● WORK INSTRUCTION
Transcribe only the lines in the data below falling between the line with "M.T.FIELD SERVICES LTD." and the line with "Albert Blokh wurde", including those two lines, and leave out any picture.

● EXTRACTED ENTRIES
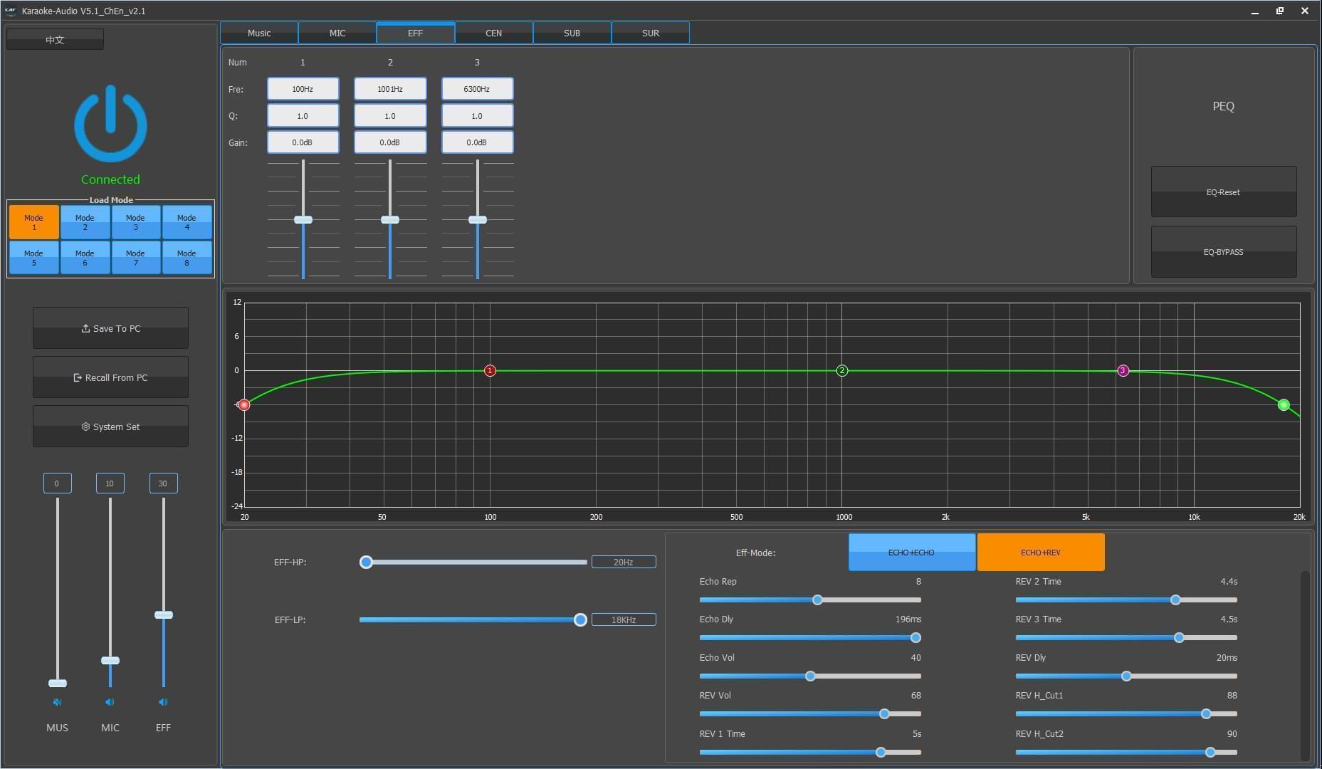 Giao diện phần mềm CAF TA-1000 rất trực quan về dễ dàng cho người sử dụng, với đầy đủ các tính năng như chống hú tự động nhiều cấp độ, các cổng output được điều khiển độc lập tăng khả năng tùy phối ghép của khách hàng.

...

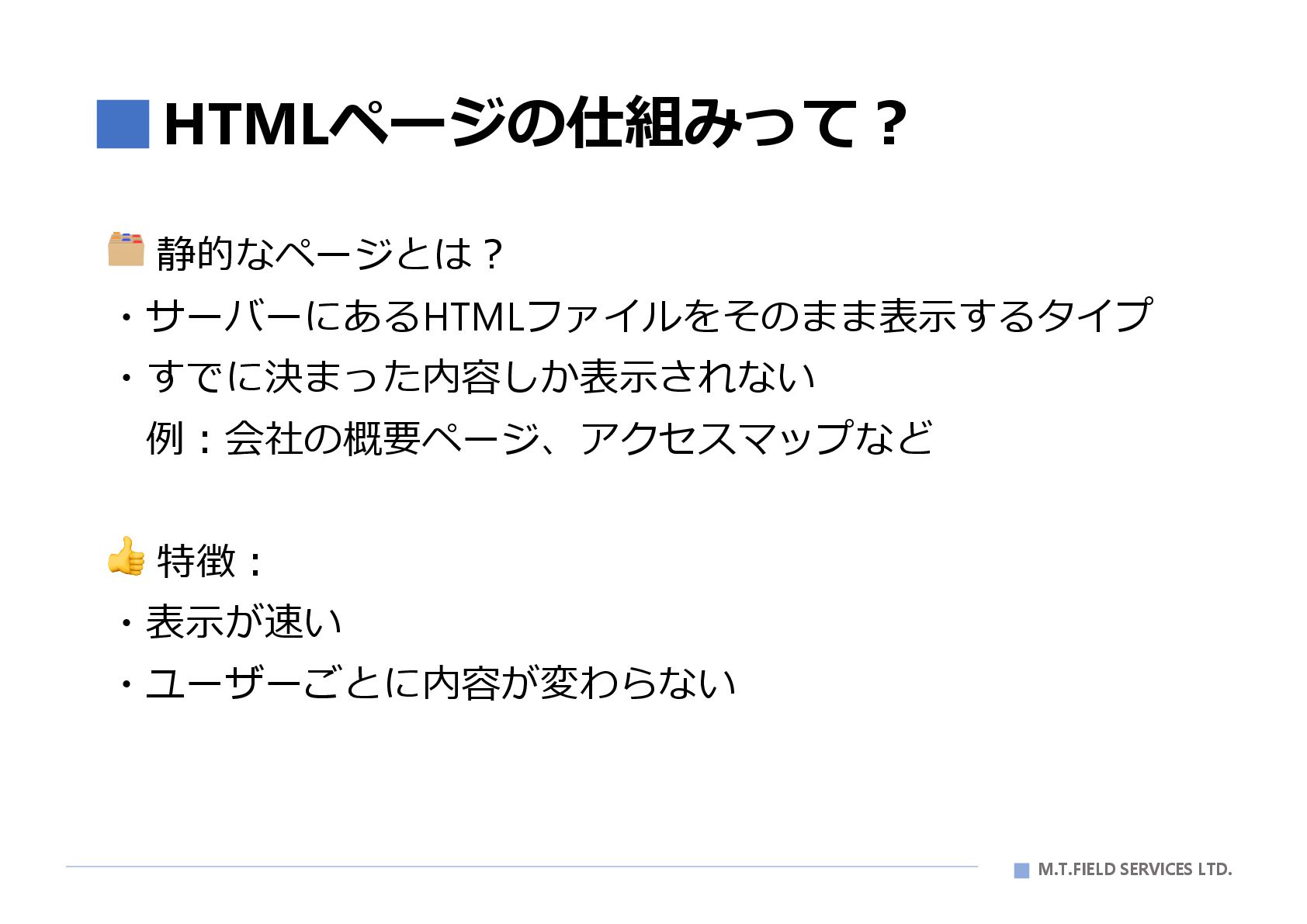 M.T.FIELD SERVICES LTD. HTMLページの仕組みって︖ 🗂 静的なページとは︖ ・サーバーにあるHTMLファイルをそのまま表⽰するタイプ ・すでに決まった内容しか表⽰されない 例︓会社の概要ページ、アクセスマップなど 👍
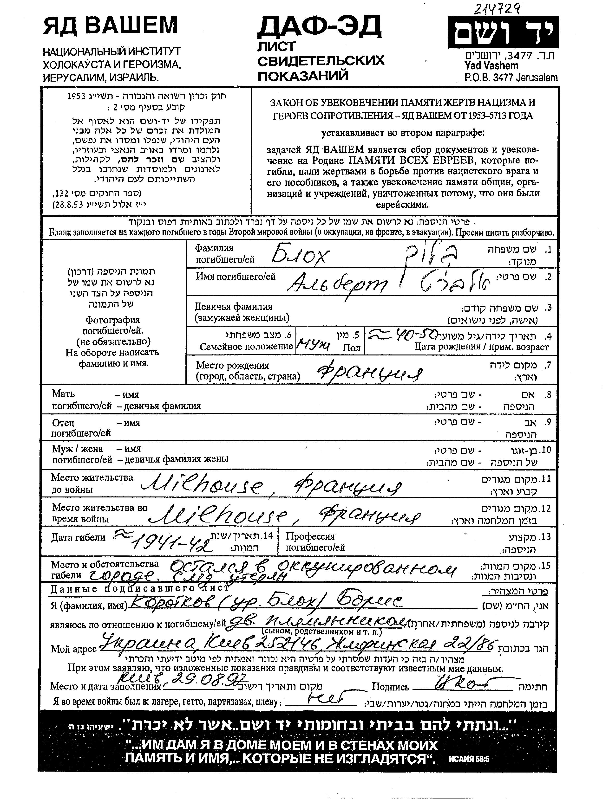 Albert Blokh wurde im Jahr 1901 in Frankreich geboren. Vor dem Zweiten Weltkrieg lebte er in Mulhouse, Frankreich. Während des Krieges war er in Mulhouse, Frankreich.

● SOLUTION TO THE PROBLEM
 M.T.FIELD SERVICES LTD. HTMLページの仕組みって︖ 🗂 静的なページとは︖ ・サーバーにあるHTMLファイルをそのまま表⽰するタイプ ・すでに決まった内容しか表⽰されない 例︓会社の概要ページ、アクセスマップなど 👍
 Albert Blokh wurde im Jahr 1901 in Frankreich geboren. Vor dem Zweiten Weltkrieg lebte er in Mulhouse, Frankreich. Während des Krieges war er in Mulhouse, Frankreich.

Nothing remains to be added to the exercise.